Os bebês também se comunicam

Os bebês também se comunicam

A pediatria avança, seus conceitos evoluem, mães e pais já percebem e consideram sinais e sintomas que antes não percebiam como forma importante de comunicação dos sentimentos de seus filhos, que muitas vezes ainda nem falam.

As crianças eram criadas de uma forma rígida, sem direito a dar opinião ou se manifestar. Era uma rigidez que chegava a lembrar as Forças Armadas. “Dê de mamar de três em três horas”, “Se a criança não quer ficar no berço, feche a porta e deixe-a chorar”, “Evite ficar com o bebê muito tempo no colo para não mimá-lo demais”.

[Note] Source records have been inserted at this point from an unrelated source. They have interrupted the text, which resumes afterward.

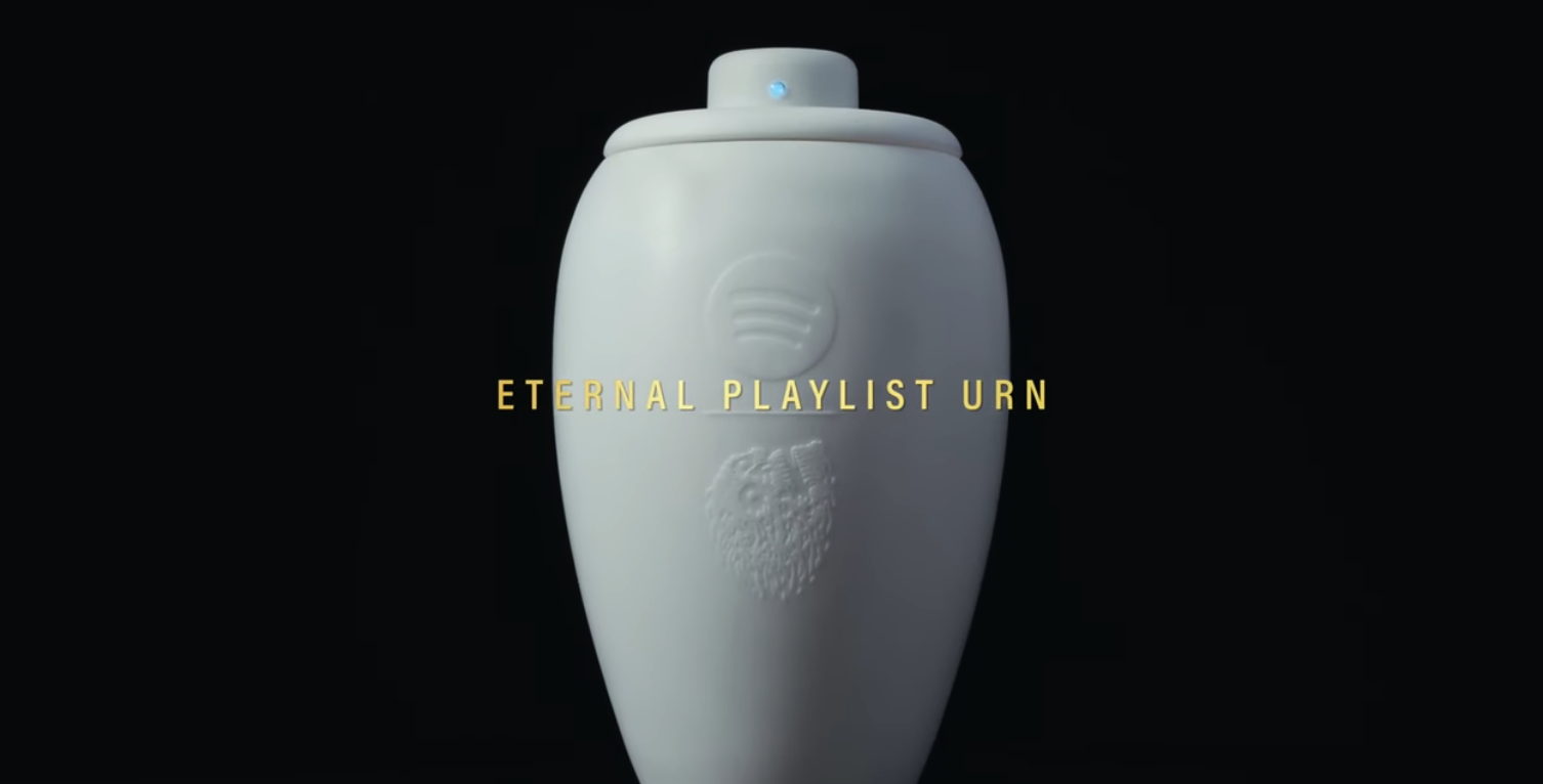 Isso porque a Eternal Playlist Urn (Urna da Playlist Eterna) possui Bluetooth para reproduzir música e, acompanhada por um Gerador de Playlist Eterna desenvolvido pelo Spotify, permite que as pessoas criem uma playlist personalizada que será sincronizada com a urna para o falecido. Além disso, de acordo com a Liquid Death, pesquisas mostram que manter os mortos felizes reduz em 47% a probabilidade de eles assombrarem você.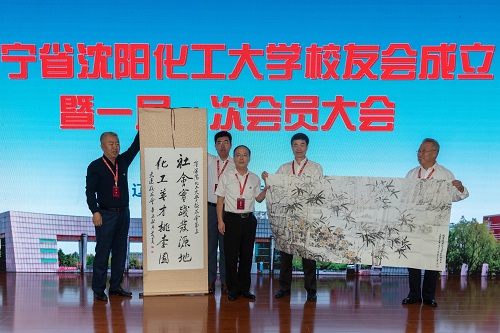 在校友会成立之际,各地校友组织纷纷发来祝福与祝贺。葫芦岛校友会和大连校友会作为地方校友组织代表在大会现场向校友会赠送书画作品以示祝贺,新当选会长杨学印代表校友会接受作品。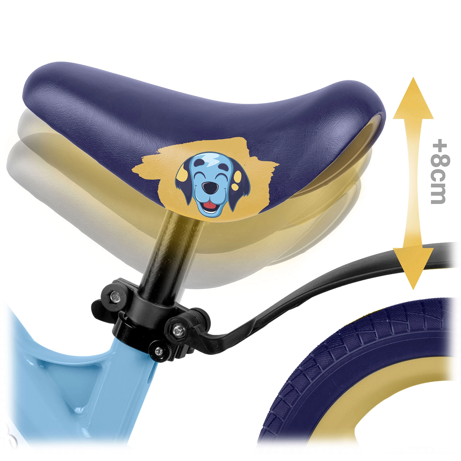 Měkké ergonomické sedlo s rozsahem cca 35–42 cm zajistí správné nastavení pro pohodlí a stabilitu v každém věku.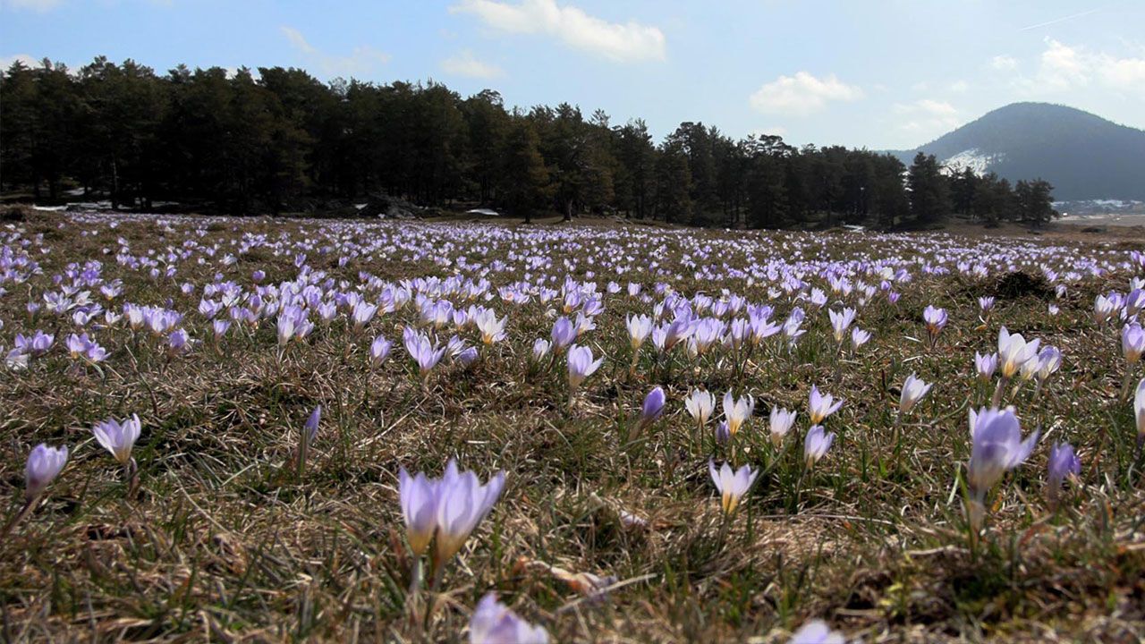 Köroğlu Dağları’nın eteklerinde yer alan yaylaya, mavi çiçekler ile yeşil alanların üzerini kaplayan çiğdem çiçekleri renk kattı. Sarıalan Yaylası’nda meraların içerisinden süzülen mendereslerin çevresinde açan çiğdem çiçekleri ile bazı bölgelerde erimeyen karların buluşması eşsiz manzara oluşturdu.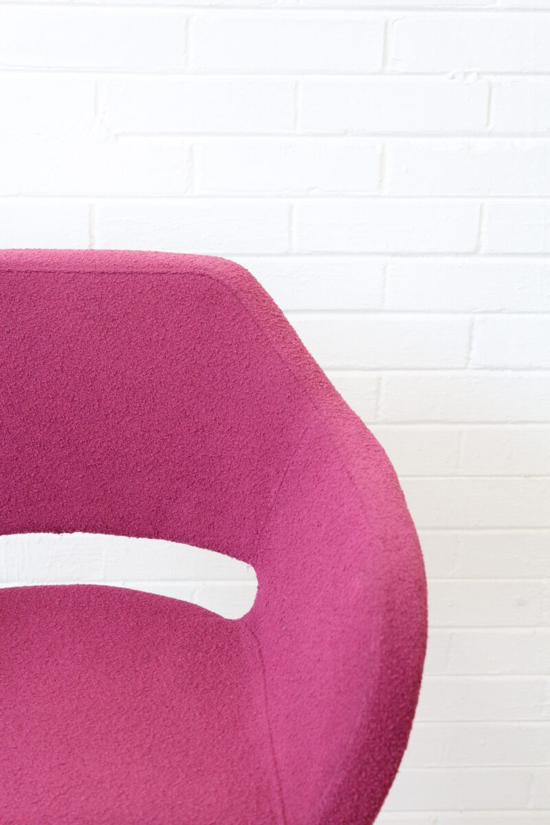 Make a bold statement with the Beaufurn Larsen Barstool, designed with both comfort and modern flair in mind. This pre-owned stool features a vibrant magenta upholstered shell seat with an integrated back cutout for a breathable and supportive sitting experience. The chrome sled base adds a sleek industrial contrast, making it perfect for office break areas, collaborative spaces, or stylish home bars. The contoured back and sturdy frame blend form and function, providing both visual appeal and everyday comfort.

Era um tal de faça isso, não faça aquilo, aquilo pode, aquilo não, que muitos pais se sentiam impotentes para cumprir tantas normas. Fora a ansiedade causada na hora de tirar as fraldas, por exemplo. Caso a criança não tirasse a fralda até os dois anos, alguma coisa estava errada em seu desenvolvimento. Hoje, já se sabe que em algum momento, até os 3-4 anos de idade, eles começarão a dar sinais de que não precisam mais dela.

Os avanços nos conhecimentos sobre a fisiologia e a psicologia infantil e os progressos nos exames de imagem permitiram descobrir e entender boa parte do funcionamento do organismo infantil, bem como suas emoções e comportamento.

Um guia elaborado pela Sociedade Brasileira de Pediatria recentemente, diz que não se deve impor horários tão rígidos como no passado, mostra a importância do aleitamento materno, o melhor alimento por suas propriedades alimentícias, imunológicas e em especial afetivas, como também regular o uso da chupeta e aliviar as cólicas do bebê.

Saiba mais sobre o Guia “Filhos – da gravidez aos 2 anos de idade” aqui.


Um abraço a todos,

Maldonado.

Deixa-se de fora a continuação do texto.